═════ Exercise material ═════
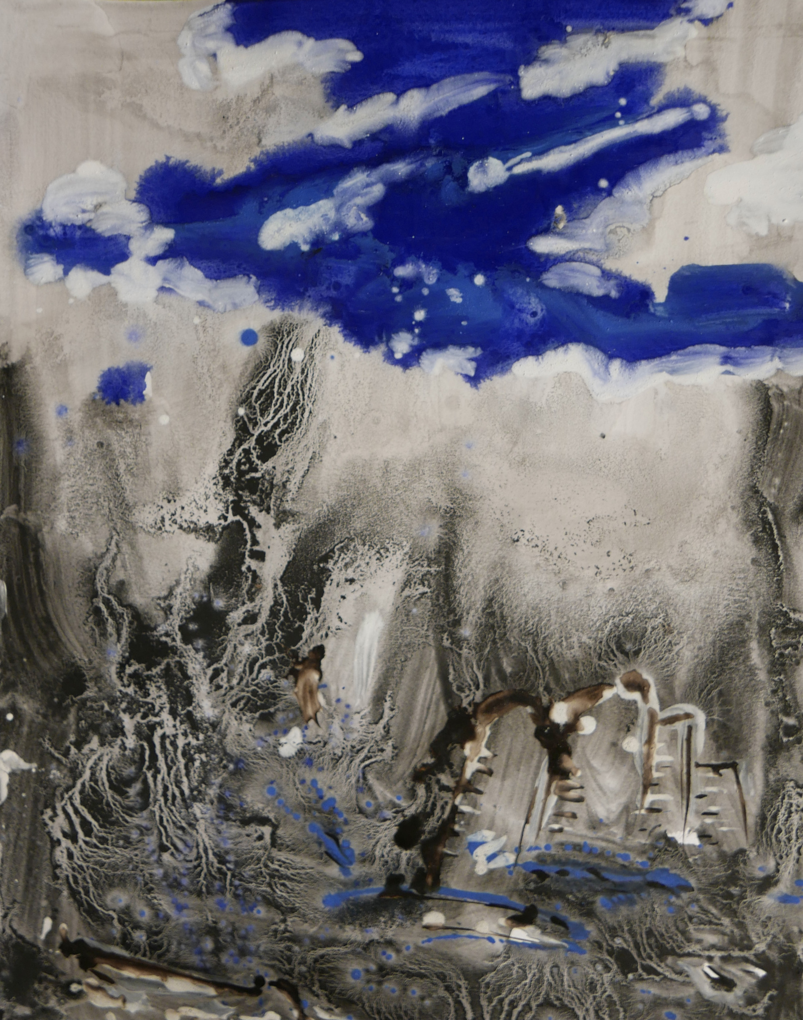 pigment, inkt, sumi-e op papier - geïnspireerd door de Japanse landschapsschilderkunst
═════
═════ Exercise material ═════
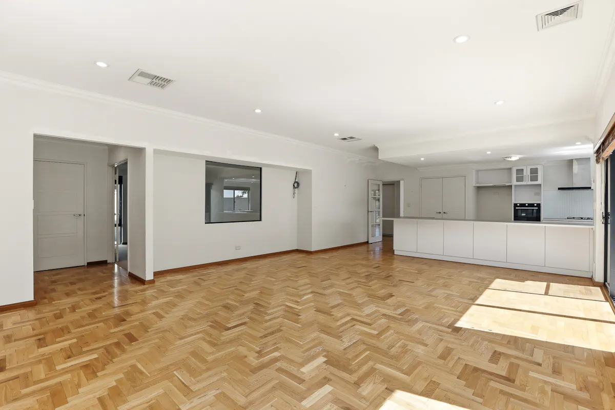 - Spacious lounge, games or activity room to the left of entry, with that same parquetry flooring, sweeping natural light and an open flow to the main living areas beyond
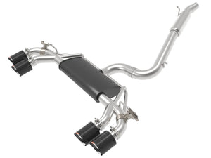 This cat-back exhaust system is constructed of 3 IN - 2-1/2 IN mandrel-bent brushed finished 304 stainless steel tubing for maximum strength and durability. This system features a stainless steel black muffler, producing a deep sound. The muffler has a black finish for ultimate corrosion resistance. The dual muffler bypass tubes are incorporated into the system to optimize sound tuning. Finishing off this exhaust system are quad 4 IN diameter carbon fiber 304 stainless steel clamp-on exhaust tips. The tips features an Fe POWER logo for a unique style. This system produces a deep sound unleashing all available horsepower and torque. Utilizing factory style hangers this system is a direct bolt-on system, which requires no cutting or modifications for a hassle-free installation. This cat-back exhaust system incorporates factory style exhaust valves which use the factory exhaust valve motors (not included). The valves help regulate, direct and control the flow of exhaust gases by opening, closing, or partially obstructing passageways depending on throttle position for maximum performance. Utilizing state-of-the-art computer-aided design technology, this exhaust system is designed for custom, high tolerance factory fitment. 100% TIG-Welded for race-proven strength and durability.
═════
Among the entries above, copy exactly the stretch from the line holding "- Spacious lounge, games" through the line holding "This cat-back exhaust system is", leaving out any pictures.

 - Spacious lounge, games or activity room to the left of entry, with that same parquetry flooring, sweeping natural light and an open flow to the main living areas beyond
 This cat-back exhaust system is constructed of 3 IN - 2-1/2 IN mandrel-bent brushed finished 304 stainless steel tubing for maximum strength and durability. This system features a stainless steel black muffler, producing a deep sound. The muffler has a black finish for ultimate corrosion resistance. The dual muffler bypass tubes are incorporated into the system to optimize sound tuning. Finishing off this exhaust system are quad 4 IN diameter carbon fiber 304 stainless steel clamp-on exhaust tips. The tips features an Fe POWER logo for a unique style. This system produces a deep sound unleashing all available horsepower and torque. Utilizing factory style hangers this system is a direct bolt-on system, which requires no cutting or modifications for a hassle-free installation. This cat-back exhaust system incorporates factory style exhaust valves which use the factory exhaust valve motors (not included). The valves help regulate, direct and control the flow of exhaust gases by opening, closing, or partially obstructing passageways depending on throttle position for maximum performance. Utilizing state-of-the-art computer-aided design technology, this exhaust system is designed for custom, high tolerance factory fitment. 100% TIG-Welded for race-proven strength and durability.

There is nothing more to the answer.